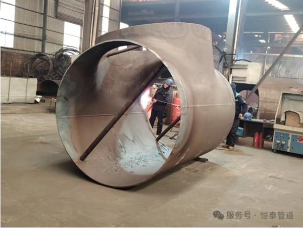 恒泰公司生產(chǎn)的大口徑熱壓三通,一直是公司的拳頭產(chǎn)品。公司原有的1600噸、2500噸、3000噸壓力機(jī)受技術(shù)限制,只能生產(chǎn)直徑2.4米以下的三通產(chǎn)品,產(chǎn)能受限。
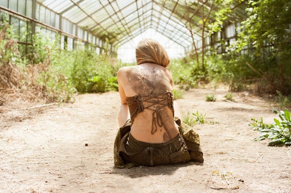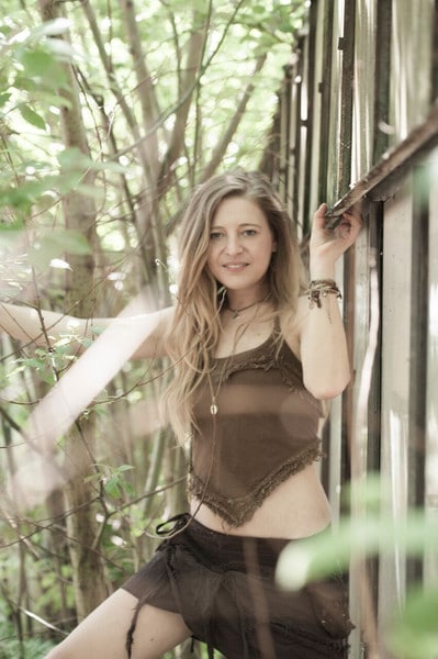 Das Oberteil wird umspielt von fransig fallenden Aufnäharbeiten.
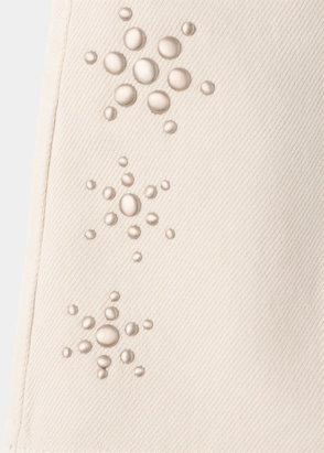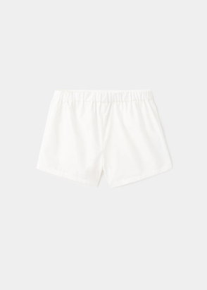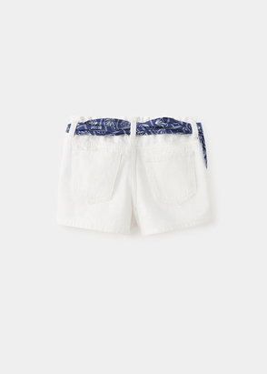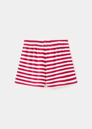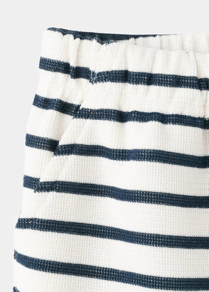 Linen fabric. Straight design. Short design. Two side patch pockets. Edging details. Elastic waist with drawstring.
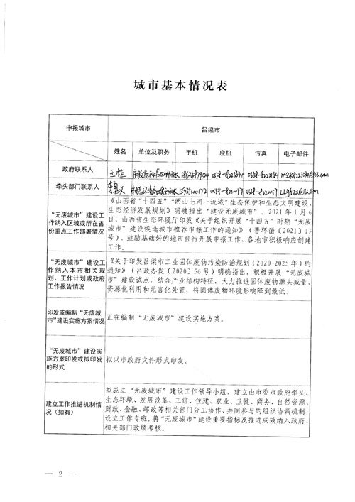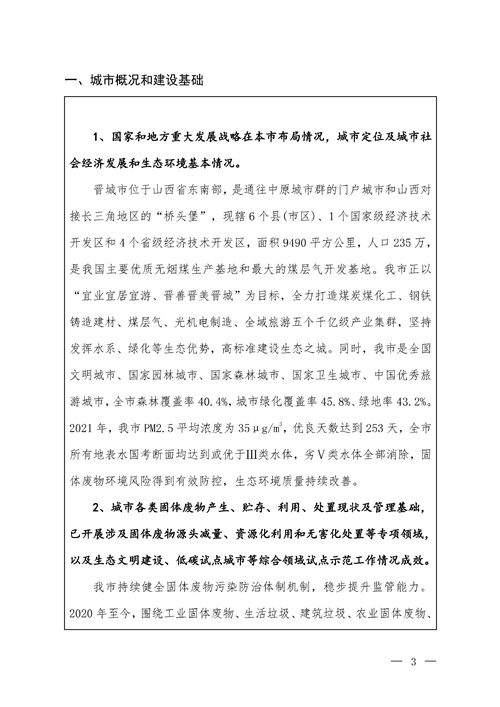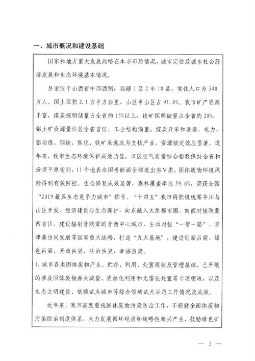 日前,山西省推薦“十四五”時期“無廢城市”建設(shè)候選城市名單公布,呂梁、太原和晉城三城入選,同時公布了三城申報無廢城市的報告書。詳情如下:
•••••
To do: Reproduce the listing verbatim, and keep the pictures out of the copy.

Written answer:
 恒泰公司生產(chǎn)的大口徑熱壓三通,一直是公司的拳頭產(chǎn)品。公司原有的1600噸、2500噸、3000噸壓力機(jī)受技術(shù)限制,只能生產(chǎn)直徑2.4米以下的三通產(chǎn)品,產(chǎn)能受限。
 Das Oberteil wird umspielt von fransig fallenden Aufnäharbeiten.
 Linen fabric. Straight design. Short design. Two side patch pockets. Edging details. Elastic waist with drawstring.
 日前,山西省推薦“十四五”時期“無廢城市”建設(shè)候選城市名單公布,呂梁、太原和晉城三城入選,同時公布了三城申報無廢城市的報告書。詳情如下:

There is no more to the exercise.